Solutions to climate change as a global phenomenon are well-suited to nations and markets, since they can exploit the labor and resources to actualize such solutions. The IPCC report also notes the importance of local strategies, lumped together in the climate change literature as efforts in “resilience” and “adaptation.” The IPCC suggests these local strategies can address specific, place-bound realities of climate change, lessening their impact on the most vulnerable groups. It is with this set of strategies that the revolutionary left might find the most success.

Climate change is not a singular, homogeneous process. It will cause massive species loss in the Andean cloud forest while increasing forest productivity in Sweden. Changes in temperature and precipitation mean that agricultural productivity in South Africa may rise by up to 30 percent while decreasing in Sudan by about the same amount. While there are general trends, the effects will manifest differently across latitude and longitude, complicating global and national organizing against climate change.

A real response to climate change must adapt to its regional effects while also resisting market-based solutions that will intensify capitalist expansion. Rather than joining the hue and cry for global solutions, anticapitalists in France are combining this refusal of top-down solutions with regional ecological struggles, like the ZAD commune, near Nantes, established to stop the building of a regional airport. The patchwork of ecological activists, feminists, workers, and the workless that filled the streets of Paris suggests the constituency of future climate rebellions.

These networks are important for adapting to the effects of climate change already upon us. Outside of urban centers, these networks are being built in response to natural disasters. Autonomous groups like Mutual Aid Disaster Relief, offering solidarity rather than charity in the wake of Hurricane Maria and the Camp Fire in Butte, California, are inspiring examples of this.

Social struggles build adaptive capacity but, by preventing the flow of capital, they can also prevent carbon emissions.

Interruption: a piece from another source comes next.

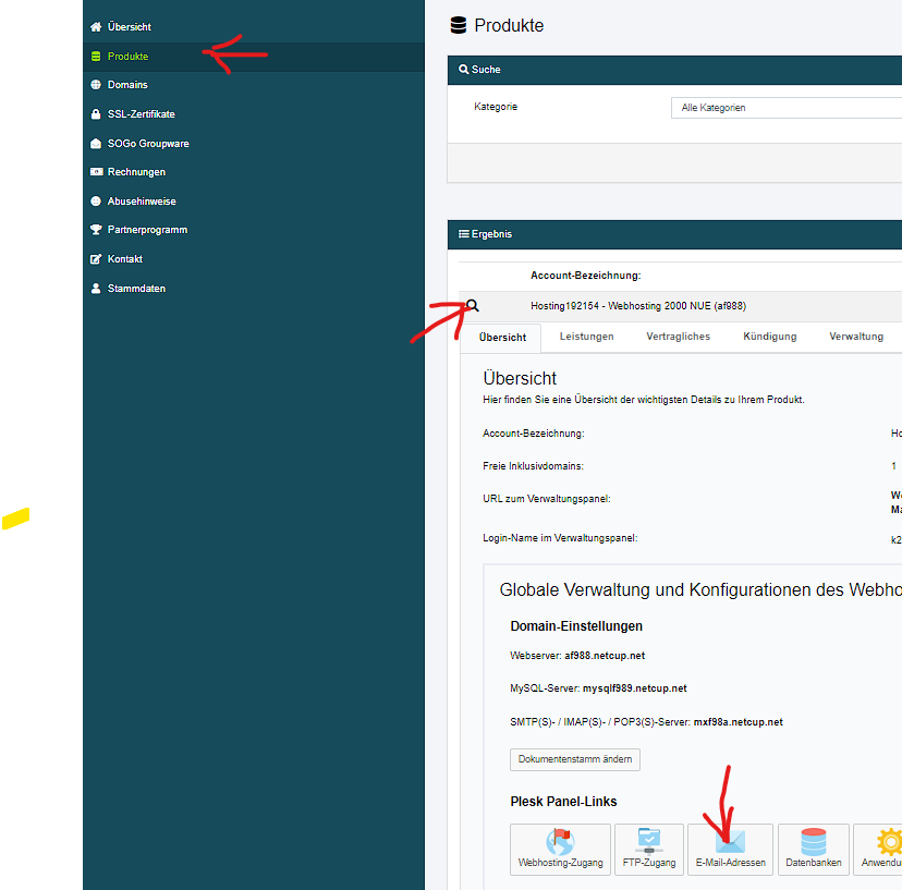 User und Passwort stehen in Bitwarden - Organistation - Netcup - "Netcup Hauptzugang" - Adressbearbeitung öffnen

The economic output of an industry is directly correlated to its carbon footprint, as established by the majority of carbon footprint models. France’s National Center for Shopping Malls reported that two billion euros in sales were lost during the gilets jaunes riots. Using a leading carbon footprint model, we can estimate that this damage to the economy prevented at least half a million tons of carbon emissions, equivalent to removing tens of thousands of cars from France’s road for a whole year.

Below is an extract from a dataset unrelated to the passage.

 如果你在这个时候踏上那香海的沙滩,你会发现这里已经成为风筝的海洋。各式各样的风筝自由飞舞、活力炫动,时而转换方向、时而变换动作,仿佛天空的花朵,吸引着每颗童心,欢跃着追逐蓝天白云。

Social struggles against circulation can prevent carbon emissions and ecological struggles to protect biodiversity can sequester carbon that has already been emitted. Worldwide, old-growth forests represent the second-largest carbon sink (after peat bogs). Struggles to protect intact forest areas could have effects equal to geoengineering. And unlike geoengineering, which will likely have negative effects on ecological systems, forest defense struggles protect existing biodiversity.

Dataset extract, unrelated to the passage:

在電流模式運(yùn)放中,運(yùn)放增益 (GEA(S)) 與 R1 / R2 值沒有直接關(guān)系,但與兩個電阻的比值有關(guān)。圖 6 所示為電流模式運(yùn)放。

In Germany, collective efforts to protect the Hambach Forest have prevented a coal company from clearing the ancient oak and hornbeam forest to extract the coal deposited beneath it. Their struggle is protecting biodiversity, building local adaptive networks, and preventing the expansion of a local coal mine. Legislation in Germany won’t phase out coal until 2038; direct action to protect Hambach’s forest is preventing emissions now.

The current discourse on climate change is predicated on a false choice that leaves no room for bottom-up struggles. The spirit of the gilets jaunes can help us navigate the false choice between unchecked climate change and top-down market-based solutions: social struggles can simultaneously reduce emissions and build adaptive networks to cope with existing climate change.

Presently, groups like the Sunrise Movement, co-authors of the Green New Deal, are trying to capture the groundswell of climate activism in order funnel it into electoral and legislative campaigns. There are alternatives, however. Direct struggles against resource extraction and ecosystem destruction avoid the contradictions of these top-down strategies. They address the crisis while refusing to make those least responsible for ecological destruction bear the consequences.